Theresa May’s new government is preparing the ground for a fresh crackdown on immigration amid concerns that universities have become an easy route into Britain for migrants who want to work.

The Prime Minister has backed calls to restrict student visas so that only the brightest and best can come to study at reputable universities in Britain.

As Home Secretary she took action to close down “bogus” colleges and to limit visas for students coming to study some further education courses.

But Mrs May’s team believe further restrictions on international students could significantly help to reduce net migration.

Chart showing net migration since 2011
Chart showing net migration since 2011

Government sources indicated that Home Office and Department for Education officials are likely to be ordered to examine what more can be done to tighten the student visa regime.
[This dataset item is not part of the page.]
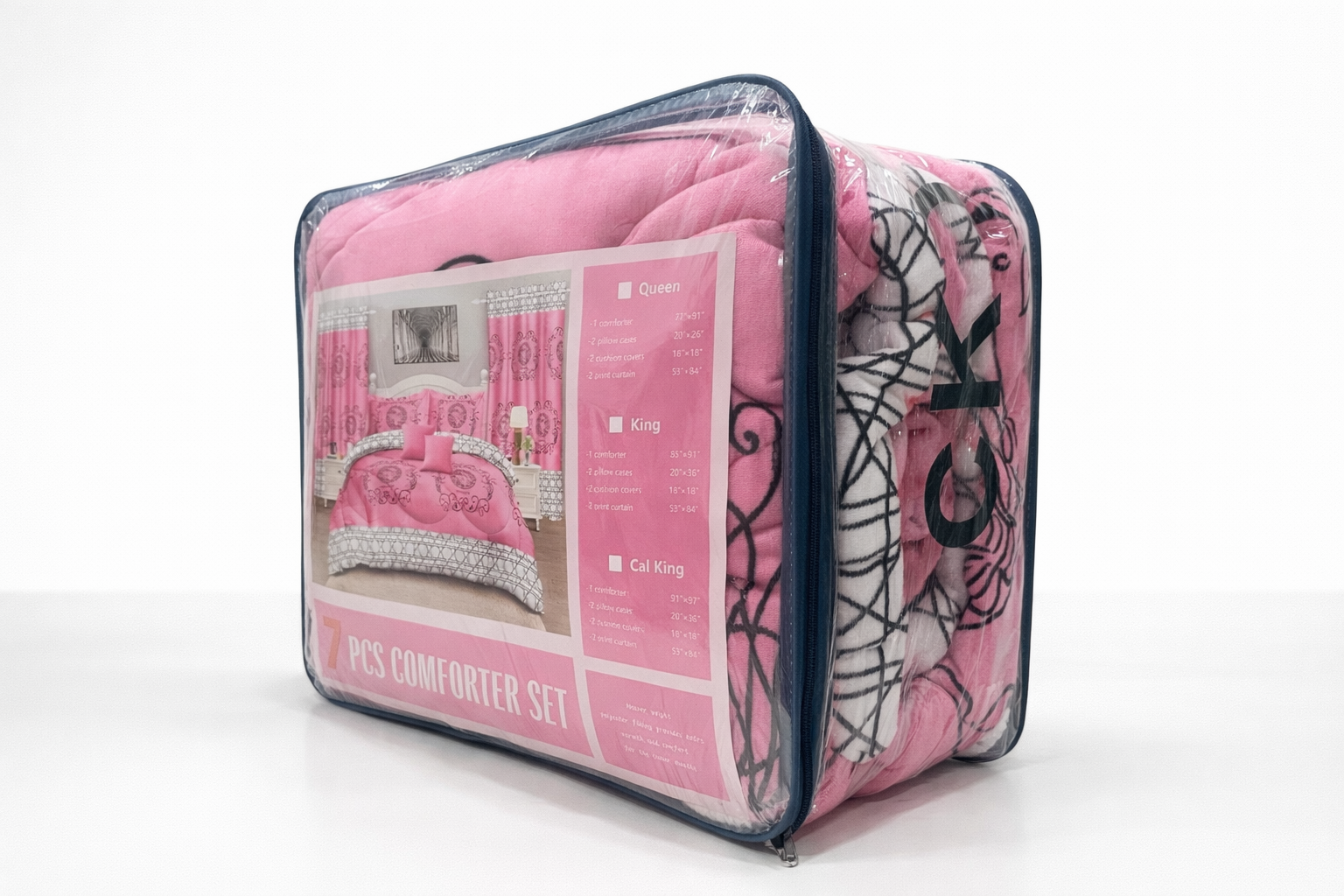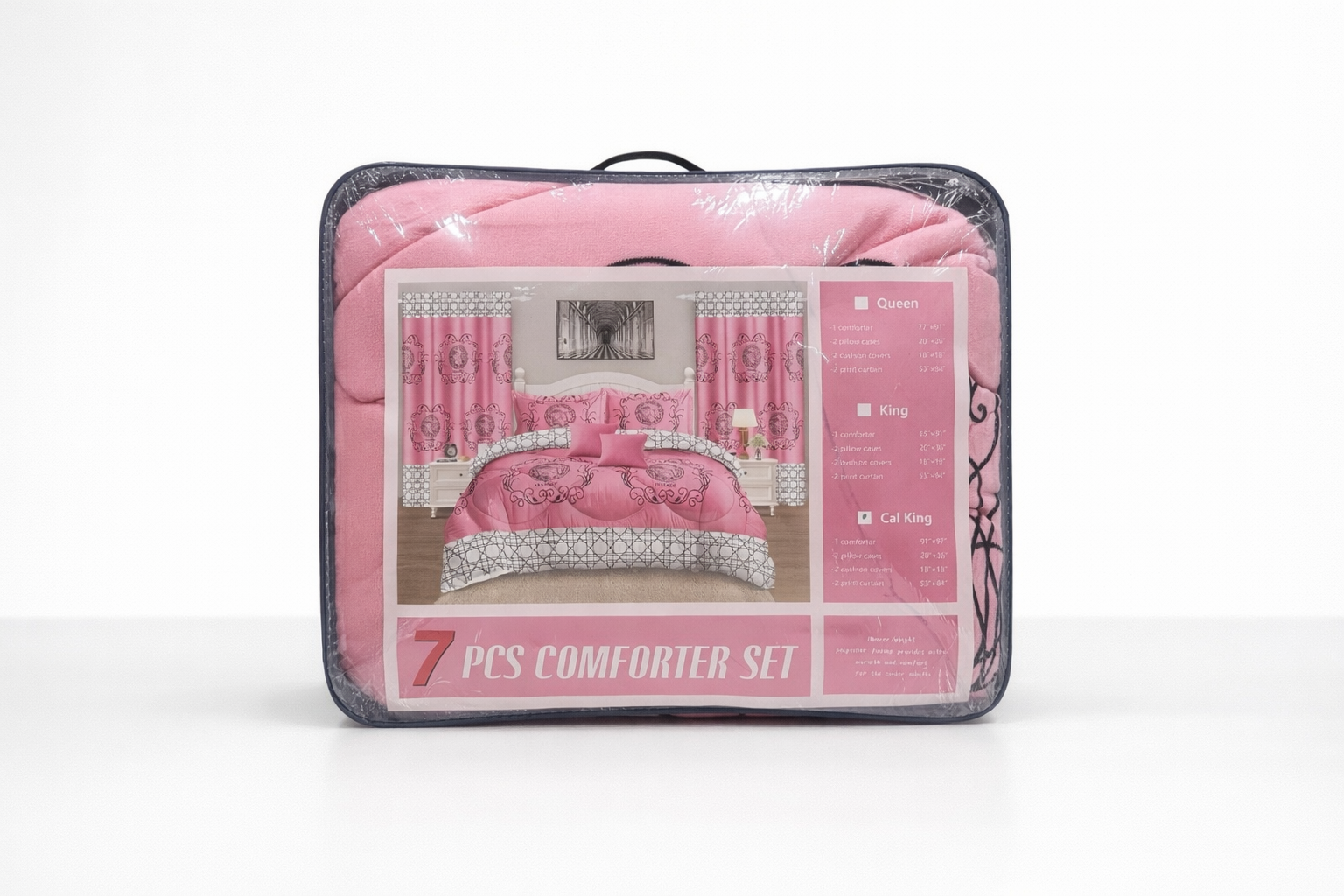 Transform your bedroom into a bright, elegant sanctuary with this 7-Piece Luxury Comforter Set, featuring a beautifully coordinated design in a soft pink color palette with intricate embroidered patterns. This complete bedding set includes everything you need to create a stylish, hotel-quality look—perfect for master bedrooms, guest rooms, or gifting.

Options expected to be considered include stopping people coming to Britain to take so-called “Mickey Mouse” courses at low ranking institutions, action to stop universities marketing their courses as opportunities for students to work in Britain, and any further steps to make sure foreign students return home after finishing their studies.

The Home Office has estimated that one in five foreign students overstays their visa and continues to live in Britain long after their course has finished.

The plan, which is at an early stage, emerged after a row over whether Mrs May’s government remains committed to the target of reducing “net migration” to below 100,000.

Boris Johnson, the Foreign Secretary, and Amber Rudd, the Home Secretary, appeared last week to back away from the target before Mrs May stepped in to restate her commitment to achieving the goal.

 

As Home Secretary in David Cameron’s government, Mrs May clashed repeatedly with other ministers over her attempts to curb migration.

George Osborne, as Chancellor, and officials in the Department for Business, Innovation and Skills tried to thwart her efforts because they regarded international students as good for the economy and for universities, which charge them higher tuition fees.

The Treasury and the BIS department were trying to relax the student visa rules by removing student numbers from official immigration statistics altogether.